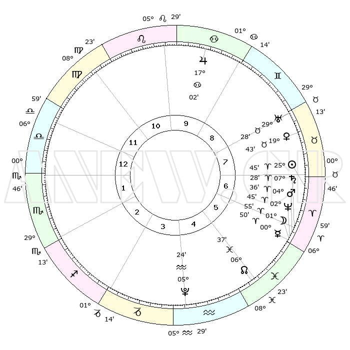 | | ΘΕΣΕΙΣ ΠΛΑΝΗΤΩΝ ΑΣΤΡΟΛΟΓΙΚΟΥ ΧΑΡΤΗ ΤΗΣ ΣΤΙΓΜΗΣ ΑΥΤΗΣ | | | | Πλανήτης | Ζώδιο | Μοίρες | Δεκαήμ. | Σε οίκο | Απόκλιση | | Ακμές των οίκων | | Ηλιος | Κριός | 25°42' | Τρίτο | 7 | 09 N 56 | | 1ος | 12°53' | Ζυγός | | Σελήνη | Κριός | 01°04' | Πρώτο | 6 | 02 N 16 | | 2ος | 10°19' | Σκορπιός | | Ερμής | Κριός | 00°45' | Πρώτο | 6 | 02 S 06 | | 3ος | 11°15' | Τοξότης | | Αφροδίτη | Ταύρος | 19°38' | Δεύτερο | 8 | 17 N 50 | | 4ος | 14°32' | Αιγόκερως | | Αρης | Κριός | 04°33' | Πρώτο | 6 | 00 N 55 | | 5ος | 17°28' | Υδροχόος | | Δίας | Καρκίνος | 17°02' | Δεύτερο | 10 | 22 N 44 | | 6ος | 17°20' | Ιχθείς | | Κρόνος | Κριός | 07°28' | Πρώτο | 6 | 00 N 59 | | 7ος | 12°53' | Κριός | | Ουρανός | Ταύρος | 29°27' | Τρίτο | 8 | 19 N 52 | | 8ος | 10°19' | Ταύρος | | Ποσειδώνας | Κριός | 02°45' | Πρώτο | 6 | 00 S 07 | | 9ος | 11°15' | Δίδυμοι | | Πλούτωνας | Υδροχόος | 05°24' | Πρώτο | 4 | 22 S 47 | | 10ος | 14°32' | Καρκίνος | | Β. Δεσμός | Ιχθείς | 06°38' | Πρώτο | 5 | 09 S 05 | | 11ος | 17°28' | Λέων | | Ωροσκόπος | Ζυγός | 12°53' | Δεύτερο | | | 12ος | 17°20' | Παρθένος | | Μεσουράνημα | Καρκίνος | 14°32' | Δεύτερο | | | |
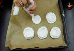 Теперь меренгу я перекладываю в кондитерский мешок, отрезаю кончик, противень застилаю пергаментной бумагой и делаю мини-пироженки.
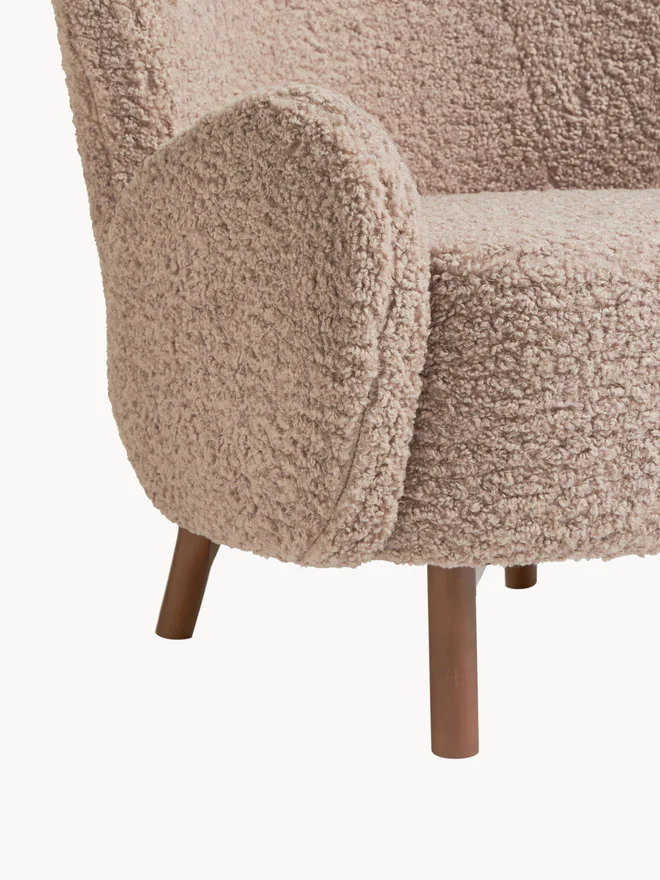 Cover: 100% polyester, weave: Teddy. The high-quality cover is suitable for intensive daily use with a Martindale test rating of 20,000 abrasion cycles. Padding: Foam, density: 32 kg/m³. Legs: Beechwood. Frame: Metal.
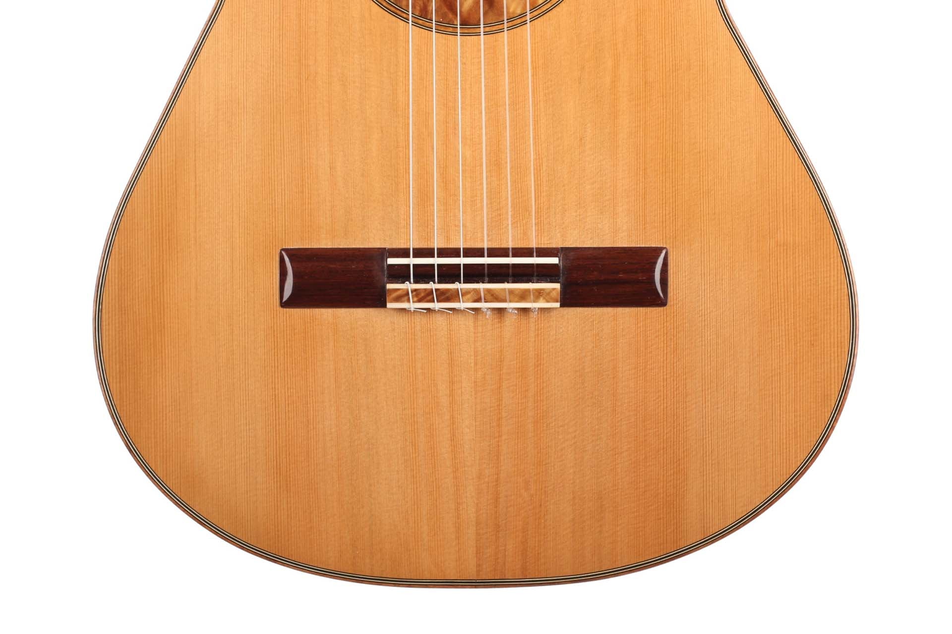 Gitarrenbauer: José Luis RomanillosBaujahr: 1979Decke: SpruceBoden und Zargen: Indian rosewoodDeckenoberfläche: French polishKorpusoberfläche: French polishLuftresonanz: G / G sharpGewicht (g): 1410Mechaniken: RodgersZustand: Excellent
════════════════
When repeating the material above, keep every line exact and drop all pictures.

• **EXPECTED OUTPUT**
 | | ΘΕΣΕΙΣ ΠΛΑΝΗΤΩΝ ΑΣΤΡΟΛΟΓΙΚΟΥ ΧΑΡΤΗ ΤΗΣ ΣΤΙΓΜΗΣ ΑΥΤΗΣ | | | | Πλανήτης | Ζώδιο | Μοίρες | Δεκαήμ. | Σε οίκο | Απόκλιση | | Ακμές των οίκων | | Ηλιος | Κριός | 25°42' | Τρίτο | 7 | 09 N 56 | | 1ος | 12°53' | Ζυγός | | Σελήνη | Κριός | 01°04' | Πρώτο | 6 | 02 N 16 | | 2ος | 10°19' | Σκορπιός | | Ερμής | Κριός | 00°45' | Πρώτο | 6 | 02 S 06 | | 3ος | 11°15' | Τοξότης | | Αφροδίτη | Ταύρος | 19°38' | Δεύτερο | 8 | 17 N 50 | | 4ος | 14°32' | Αιγόκερως | | Αρης | Κριός | 04°33' | Πρώτο | 6 | 00 N 55 | | 5ος | 17°28' | Υδροχόος | | Δίας | Καρκίνος | 17°02' | Δεύτερο | 10 | 22 N 44 | | 6ος | 17°20' | Ιχθείς | | Κρόνος | Κριός | 07°28' | Πρώτο | 6 | 00 N 59 | | 7ος | 12°53' | Κριός | | Ουρανός | Ταύρος | 29°27' | Τρίτο | 8 | 19 N 52 | | 8ος | 10°19' | Ταύρος | | Ποσειδώνας | Κριός | 02°45' | Πρώτο | 6 | 00 S 07 | | 9ος | 11°15' | Δίδυμοι | | Πλούτωνας | Υδροχόος | 05°24' | Πρώτο | 4 | 22 S 47 | | 10ος | 14°32' | Καρκίνος | | Β. Δεσμός | Ιχθείς | 06°38' | Πρώτο | 5 | 09 S 05 | | 11ος | 17°28' | Λέων | | Ωροσκόπος | Ζυγός | 12°53' | Δεύτερο | | | 12ος | 17°20' | Παρθένος | | Μεσουράνημα | Καρκίνος | 14°32' | Δεύτερο | | | |
 Теперь меренгу я перекладываю в кондитерский мешок, отрезаю кончик, противень застилаю пергаментной бумагой и делаю мини-пироженки.
 Cover: 100% polyester, weave: Teddy. The high-quality cover is suitable for intensive daily use with a Martindale test rating of 20,000 abrasion cycles. Padding: Foam, density: 32 kg/m³. Legs: Beechwood. Frame: Metal.
 Gitarrenbauer: José Luis RomanillosBaujahr: 1979Decke: SpruceBoden und Zargen: Indian rosewoodDeckenoberfläche: French polishKorpusoberfläche: French polishLuftresonanz: G / G sharpGewicht (g): 1410Mechaniken: RodgersZustand: Excellent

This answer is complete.